Source data
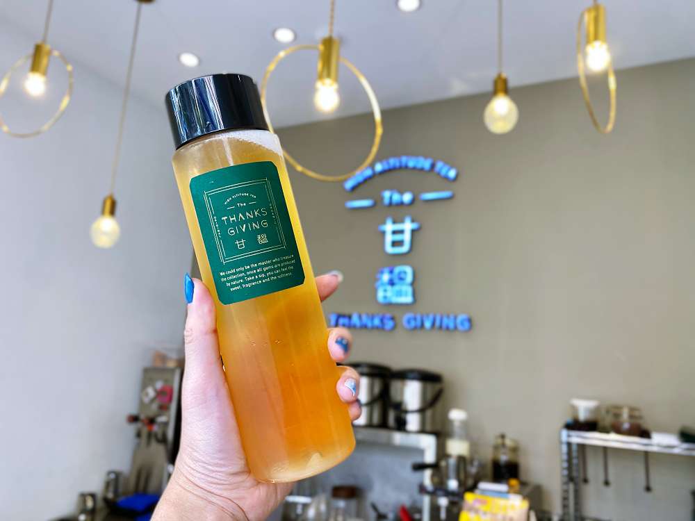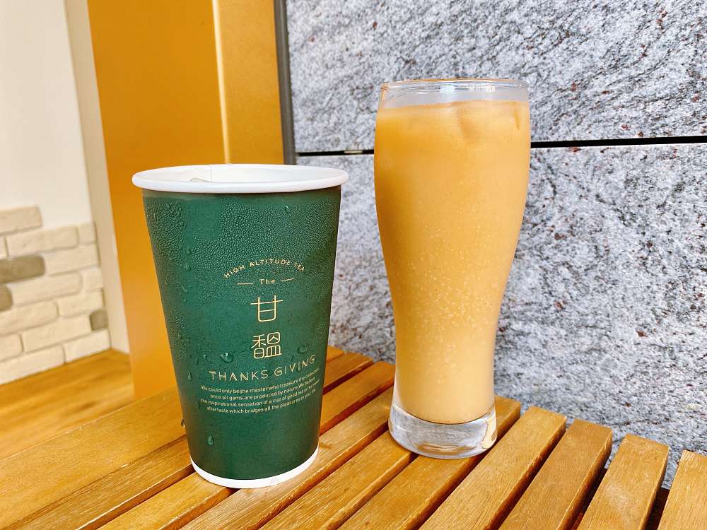 唸過一次店名其實就能發現蘊藏其中的巧思,甘馧與台語的「感謝」同音,精神是感謝大自然、回饋社會,期望創造友善地球的環境。目前除了有以燕麥奶、白木耳製成的多款飲品之外,還有耗時半年研發的無酒精香檳飲品「年份香檳烏龍」!
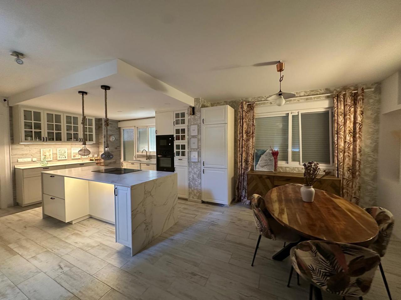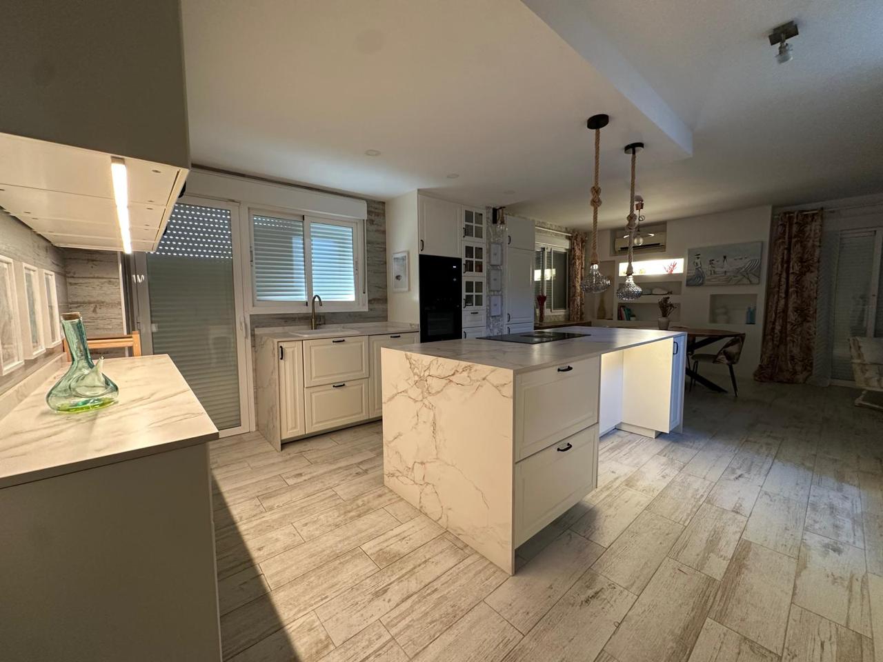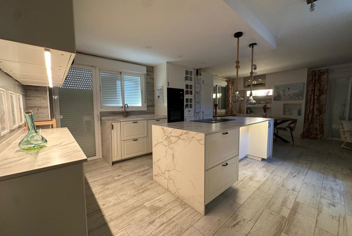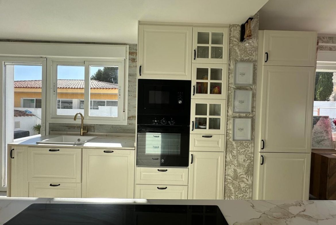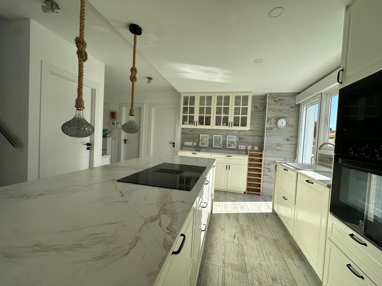La cocina, completamente renovada hace apenas dos años, combina diseño y funcionalidad con acabados de alta gama, una espectacular isla central de 2,50 x 1,04 metros y electrodomésticos integrados: vitrocerámica de inducción con campana extractora integrada, horno, microondas y lavavajillas.
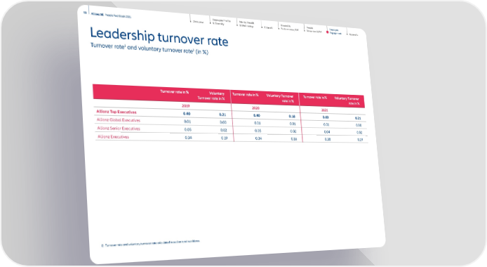 Employee Profile & Diversity Mental Health & Well-being AllianzU Reward & Performance, GM Appendix People Attraction & TM 53 Allianz SE People Fact Book 2021 Overview Employee Engagement Leadership turnover rate Turnover rate 1 and voluntary turnover rate 1 (in %) Turnover rate in % Voluntary Turnover rate in % Turnover rate in % Voluntary Turnover rate in % Turnover rate in % Voluntary Turnover rate in % 2019 2020 2021 Allianz Top Executives 0.40 0.21 0.40 0.18 0.43 0.21 Allianz Global Executives 0.01 0.00 0.01 0.01 0.01 0.00 Allianz Senior Executives 0.05 0.02 0.05 0.02 0.04 0.02 Allianz Executives 0.34 0.19 0.34 0.16 0.38 0.19 1) Turnover rate and voluntary turnover rate calculated based on total workforce.
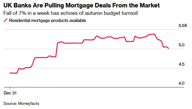 与此同时,由于预计借贷成本将进一步上升,英国银行已开始从市场上撤下利率较低的抵押贷款产品。英国金融信息机构Moneyfacts Group Plc的数据显示,英国银行的住房抵押贷款产品的数量在上周六下降了3%以上,至5012种。这一降幅为今年以来的最大降幅,产品数量则降至今年3月以来的最低水平。
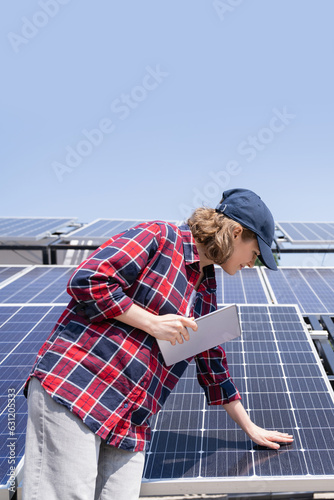 Woman with digital tablet touching solar panel
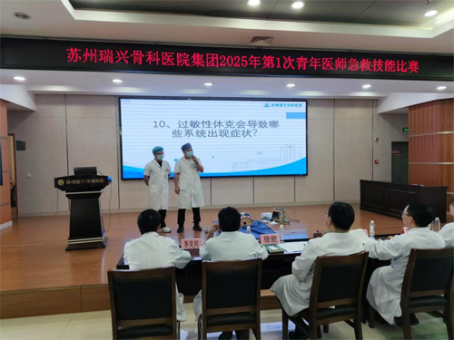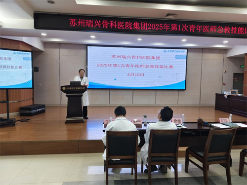 為切實提高青年醫生的專業實操水準,錘煉其應對緊急醫療狀況的過硬本領,4月19日下午,在蘇州瑞華骨科醫院多功能廳舉辦蘇州瑞興骨科醫院集團2025年第一次青年醫師急救技能競賽。
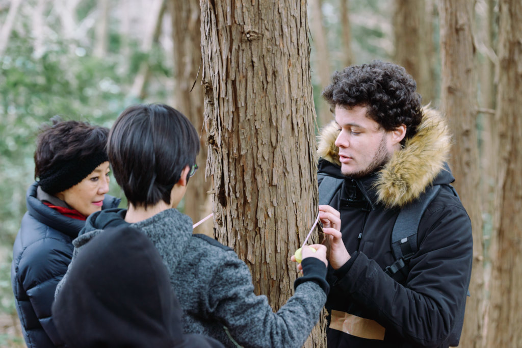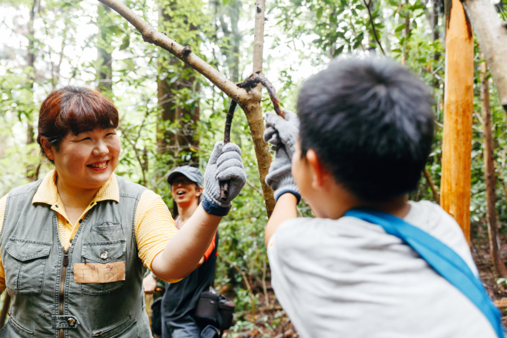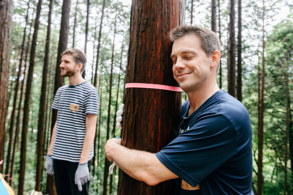 For lunch, we enjoyed a delicious obento. Everyone—campers, staff, and volunteers—meshed together and enjoyed one another’s company. Afterwards, we transitioned smoothly into the main event of the day: Kanbatsu! We learned that peeling off the tree’s bark helps it to fall naturally in order for the rest of forest to flourish. We thank Morito Odoru for an awesome kanbatsu workshop!
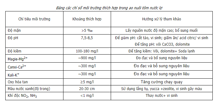 Qua môi trường nước: hàm lượng khoáng bổ sung phụ thuộc 2 yếu tố 1 tỉ lệ khoáng chất, 2 độ mặn của nước. Tỉ lệ khoáng chất phù hợp cho tôm nuôi là:
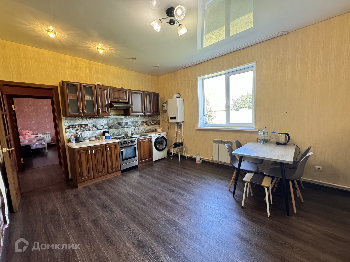 Дом состоит из трех жилых комнат и большой кухни- гостиной. Ремонт выполнен в едином стиле из качественных, современных отделочных материалов. Потолки натяжные, по периметру точечное освещение, стены оклеены обоями, на полу линолеум, санузел в кафеле.
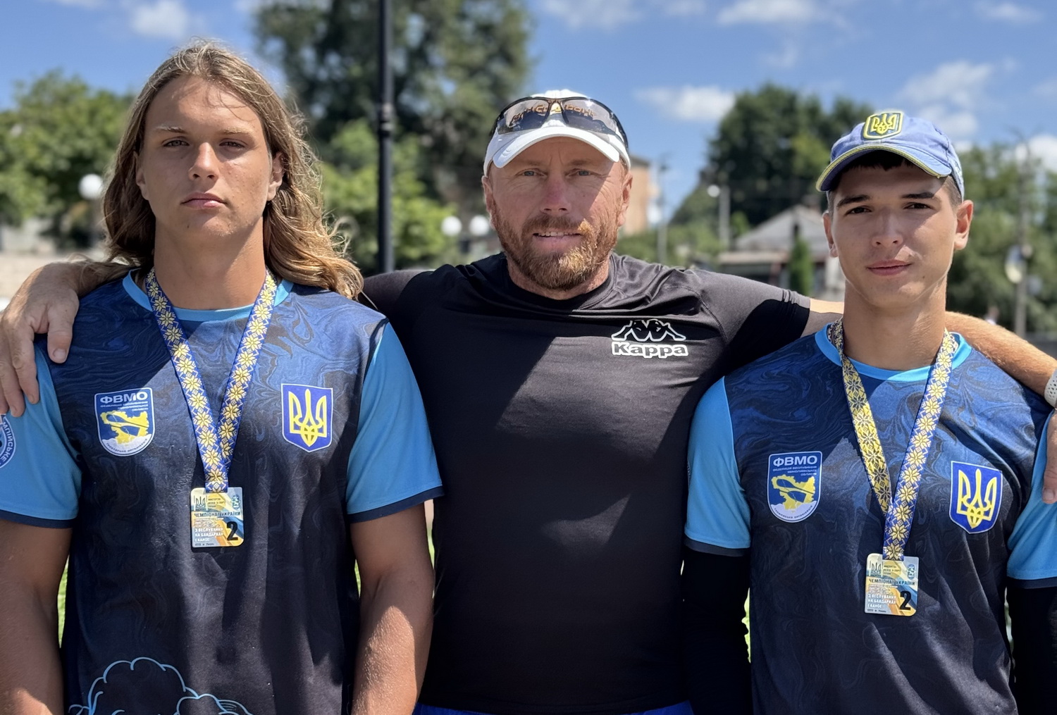 Срібні призери юнацького чемпіонату України Олександр ПАВЛЕНКО (зліва) і Єгор ВЛАСЕНКО з головним тренером збірної Миколаївської області Сергієм МОТОРНИМ, який готував екіпаж
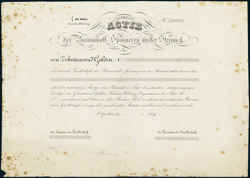 Baumwoll-Spinnerey an der Steinach. Aktie über 10'000 Gulden Kantons Währung. St. Gallen, 1839. Blankett. Diese Spinnerei befand sich im St.Galler Stadtteil Sankt Georgen. Früher Titel im Grossformat. Stockfleckig. VF.
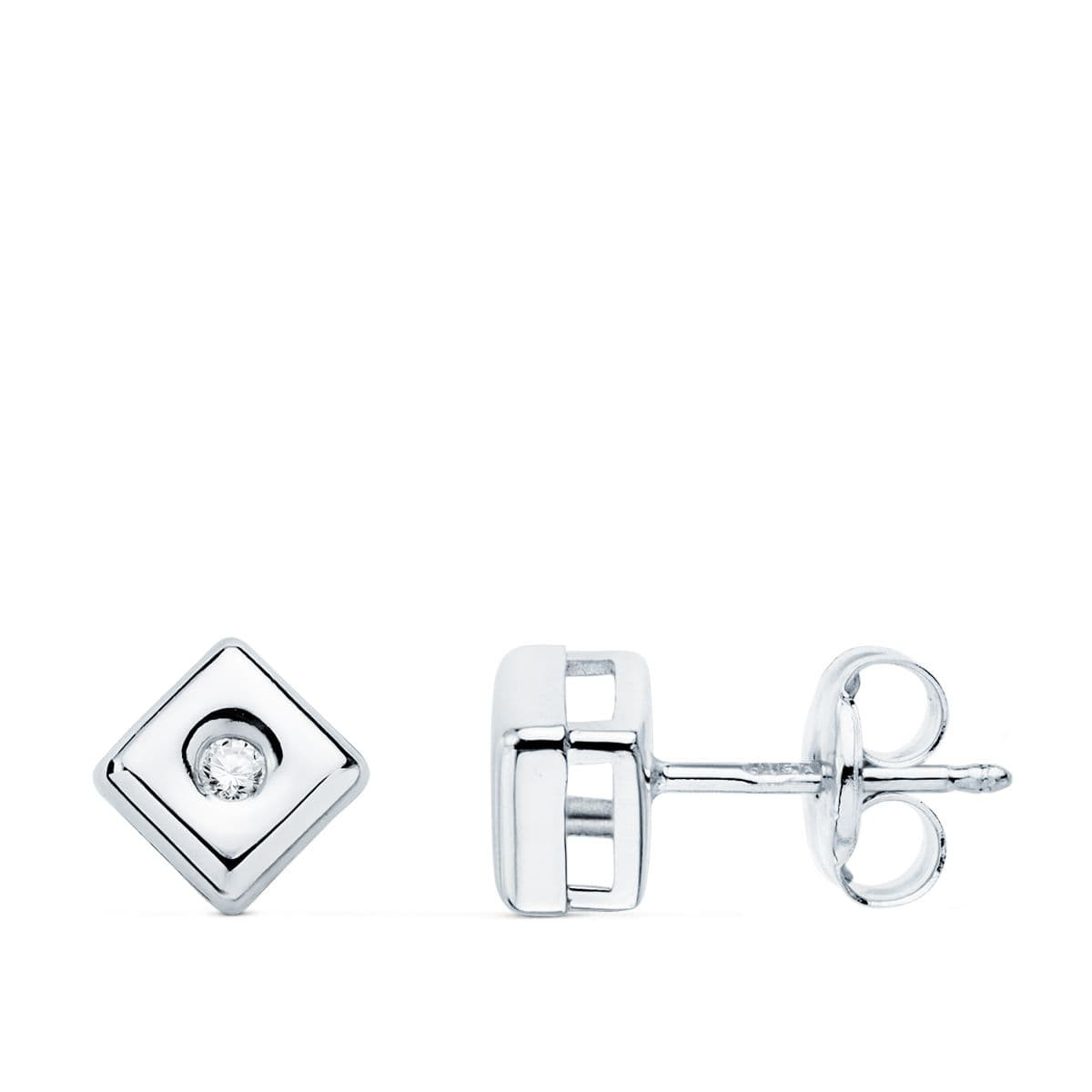 18K PENDIENTES CHATON CUADRADO ORO BLANCO DIAMANTES LABORATORIO 0,040 QTS. G-VS2 CIERRE PRESION 5,5 MM

### Exercise directions
Beginning with the line that contains "Qua môi trường", write out every line through the last one in the records, exactly and without pictures.

### Worked solution
 Qua môi trường nước: hàm lượng khoáng bổ sung phụ thuộc 2 yếu tố 1 tỉ lệ khoáng chất, 2 độ mặn của nước. Tỉ lệ khoáng chất phù hợp cho tôm nuôi là:
 Дом состоит из трех жилых комнат и большой кухни- гостиной. Ремонт выполнен в едином стиле из качественных, современных отделочных материалов. Потолки натяжные, по периметру точечное освещение, стены оклеены обоями, на полу линолеум, санузел в кафеле.
 Срібні призери юнацького чемпіонату України Олександр ПАВЛЕНКО (зліва) і Єгор ВЛАСЕНКО з головним тренером збірної Миколаївської області Сергієм МОТОРНИМ, який готував екіпаж
 Baumwoll-Spinnerey an der Steinach. Aktie über 10'000 Gulden Kantons Währung. St. Gallen, 1839. Blankett. Diese Spinnerei befand sich im St.Galler Stadtteil Sankt Georgen. Früher Titel im Grossformat. Stockfleckig. VF.
 18K PENDIENTES CHATON CUADRADO ORO BLANCO DIAMANTES LABORATORIO 0,040 QTS. G-VS2 CIERRE PRESION 5,5 MM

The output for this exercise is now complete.